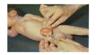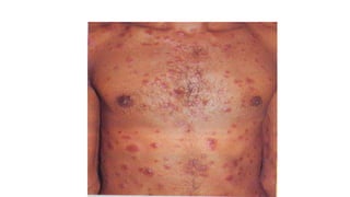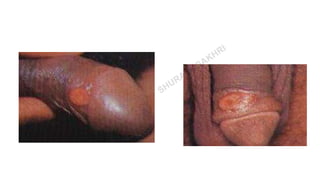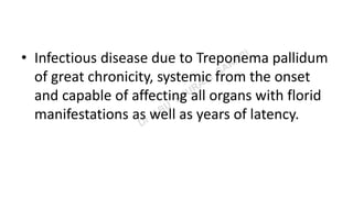 This document provides information about syphilis, caused by the spiral bacteria Treponema pallidum. It can affect all organs and cause a variety of manifestations. Syphilis is classified as either acquired or congenital. Acquired syphilis progresses through primary, secondary, early latent, and late stages. Primary syphilis causes painless ulcers. Secondary syphilis presents with rashes and mucous membrane lesions. Tertiary syphilis can cause gummas or damage to internal organs. Neurosyphilis can also occur. Congenital syphilis is transmitted from mother to child and can cause early symptoms or late complications if untreated. Diagnosis involves blood and CSF tests. Treatment depends on the
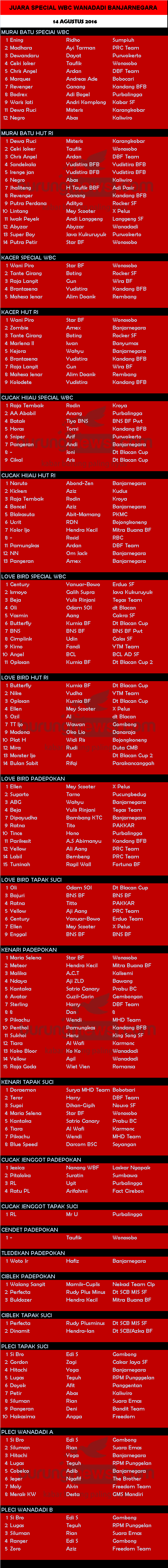 Judul : JUARA SPECIAL WBC WANADADI BANJARNEGARA
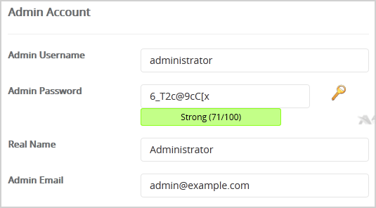 • Admin Username: Your new Nucleus username (for security reason do not use the "Administrator" or the "Admin" username.)
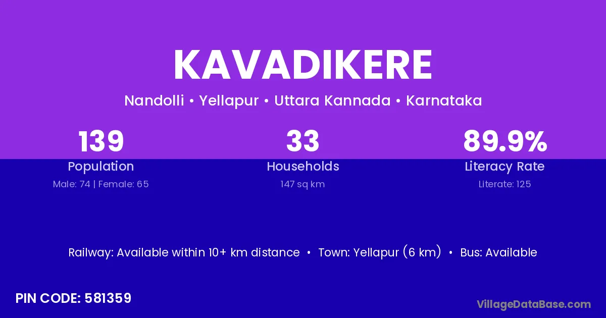 Yellapur (6 km) is the nearest town to Kavadikere village for major economic activities and is located approximately 6 km away.
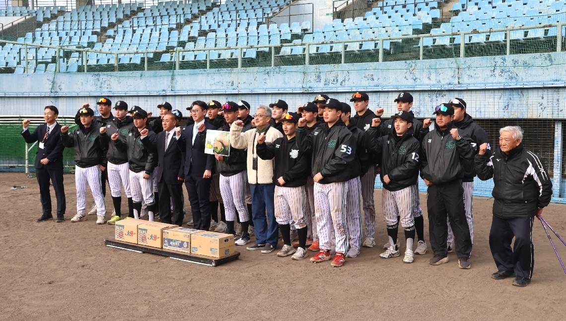 津久見市で合宿中、韓国の新成大野球部を激励市長ら地元産ミ...
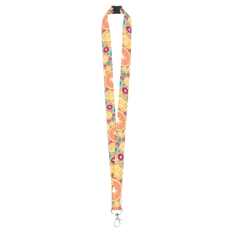 Egyedi grafikával ellátott poliészter nyakpánt fém karabinerrel és biztonsági csattal. Mindkét oldalán szublimációs technológiával emblémázva. Minimum rendelési mennyiség: 100 db.
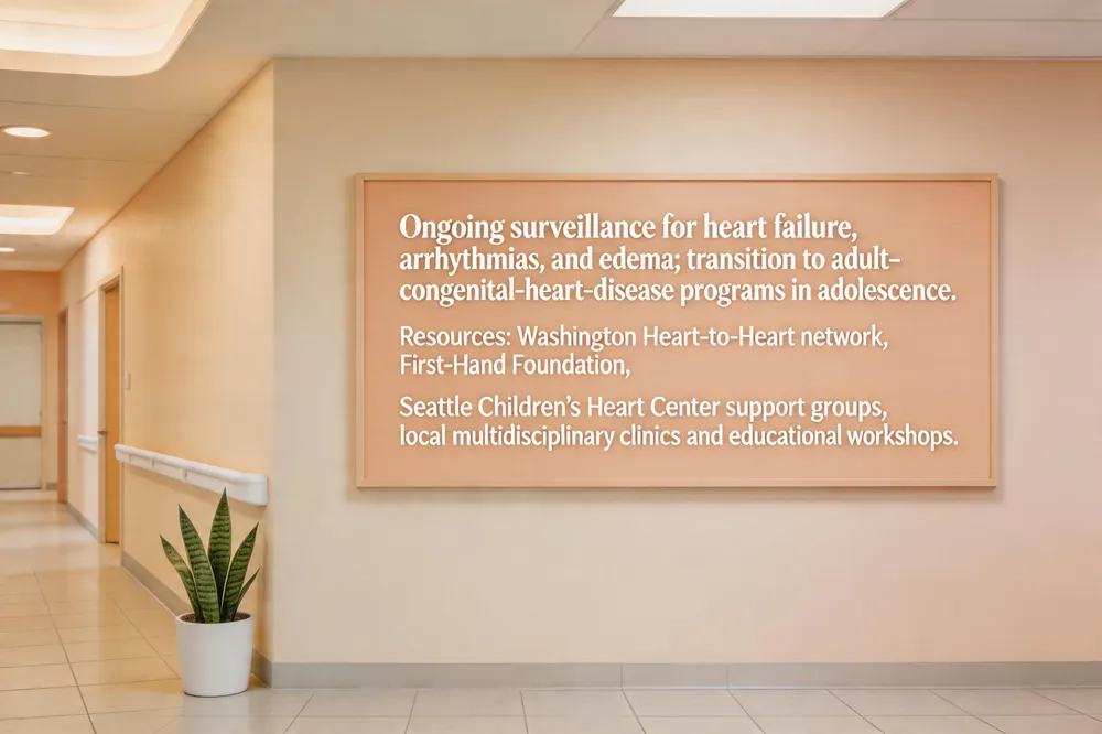Children who have been treated for a congenital heart defect need ongoing surveillance to catch early signs of heart failure and arrhythmias. Parents should watch for swelling in the feet, ankles, abdomen or neck veins, rapid breathing, wheezing, persistent coughing, poor feeding, excessive sweating during feeds, fatigue, irritability, weight loss or fainting spells. Any of these findings merit prompt evaluation by a pediatric cardiologist. As the child approaches adolescence, a structured transition to an adult‑congenital‑heart‑disease program is essential; the team reviews medical history, imaging, medications and plans for lifelong care. In Washington State, families can access the Heart‑to‑Heart network, the First Hand Foundation, and the Seattle Children’s Heart Center’s support groups, which provide counseling, financial assistance and peer connections. Local clinics in Seattle, Tacoma and Spokane also offer multidisciplinary cardiac clinics and educational workshops to empower caregivers throughout the journey. These resources aid families with insurance matters.

● **WORK TO COMPLETE**
Return exactly the part of the listing above that opens with the line containing "Admin Username: Your" and closes with the line containing "津久見市で合宿中、韓国の新成大野球部を激励市長ら地元産ミ...". Pictures stay out.

● **TASK OUTPUT**
 • Admin Username: Your new Nucleus username (for security reason do not use the "Administrator" or the "Admin" username.)
 Yellapur (6 km) is the nearest town to Kavadikere village for major economic activities and is located approximately 6 km away.
 津久見市で合宿中、韓国の新成大野球部を激励市長ら地元産ミ...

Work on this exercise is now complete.